When I was a freshman in high school, we talked a lot about ostracism and the feeling of loneliness when we read "The Scarlet Letter." My teacher was super hipster and progressive and "with it," so our assignments were always weird. For this unit's paper, we had to go to a restaurant and eat alone, and then write about it.

I'll be honest- I skipped the eating alone part and just wrote a fake paper about how being alone can feel awkward. Like, as if I had time to go to a restaurant and eat alone. There was "Pretty Little Liars" to watch!

Anyway, I know most of the people in the class also faked the assignment, but the super disciplined, nerdy kids actually did it, and their papers all talked about the awkwardness of eating alone in a public place. They described feeling way too vulnerable, lonely, and most of all, embarrassed. For some reason, there's just something unsettling about eating alone in a public place. At home, people eat meals alone all the time and it's fine. But in public? BAM. Social anxiety.

That was seven years ago. Fast forward to now, and thanks to the dining hall...pretty much all of our meals are in a public place. There is no "eating in the comfort of your own home," and eating alone takes on a whole new meaning.

When I was a freshman, eating alone terrified me.
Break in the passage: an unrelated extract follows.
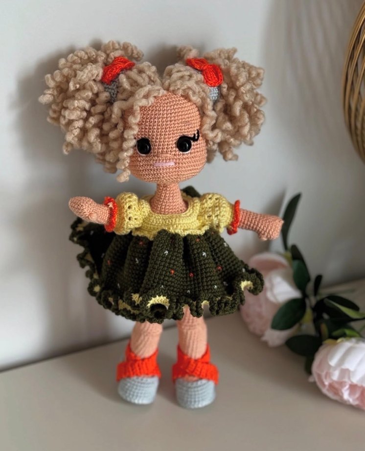 Fiyat bilgisi yazdığınız zaman istediğiniz modele göre verilir ilandaki fiyat gerçek değildir İstenilen siparişi alıyoruz toka,çanta,yelek,ev babeti Kıvırcık saçlı, kırmızı kurdeleli renkli el örgüsü bebek. Sarı üst ve koyu yeşil etek giymekte, kırmızı ayakkabıları var.

What would people think of me? They probably would look at me and think, "Wow, what a loser! She probably has no friends!" If I was starving but didn't know if anyone else was going to the DH, I wouldn't go at all. If I walked into the dining hall and didn't see anyone I knew, my heart would pound and I'd panic until eventually I'd just leave, wasting a swipe, but refusing to succumb to the humiliation of eating alone.

Fast forward to junior year and I've reached that "who cares" stage. Seriously, it's a dining hall, you're there to eat, whether it be with people or alone! Sometimes your schedule and other people's schedules don't align and you won't have anyone to eat with. That's okay. Somedays, you'll just be super starving at 5:00 pm, and nobody else plans on eating till 6:00 pm. Somedays, a meeting or appointment will throw off your normal routine, and you'll walk into the DH at an awkward time. Eating alone in college is inevitable.

It's really not as embarrassing as you think. Nobody is looking at you thinking, "oh they don't have any friends!" Everyone eats alone once in awhile, so nobody assumes it means you have no friends. Really, nobody cares or notices. People are too wrapped up in their conversations and food to notice other people.

Now that I'm a junior and more confident, I eat alone on occasion. It doesn't bother me at all. In fact, sometimes it can be enjoyable. In college when you live in a dorm with a roommate, alone time is rare. When I eat alone, its a great time to unwind, catch up on Youtube or Netflix, get some work done, or read "The Observer." It can be pretty relaxing.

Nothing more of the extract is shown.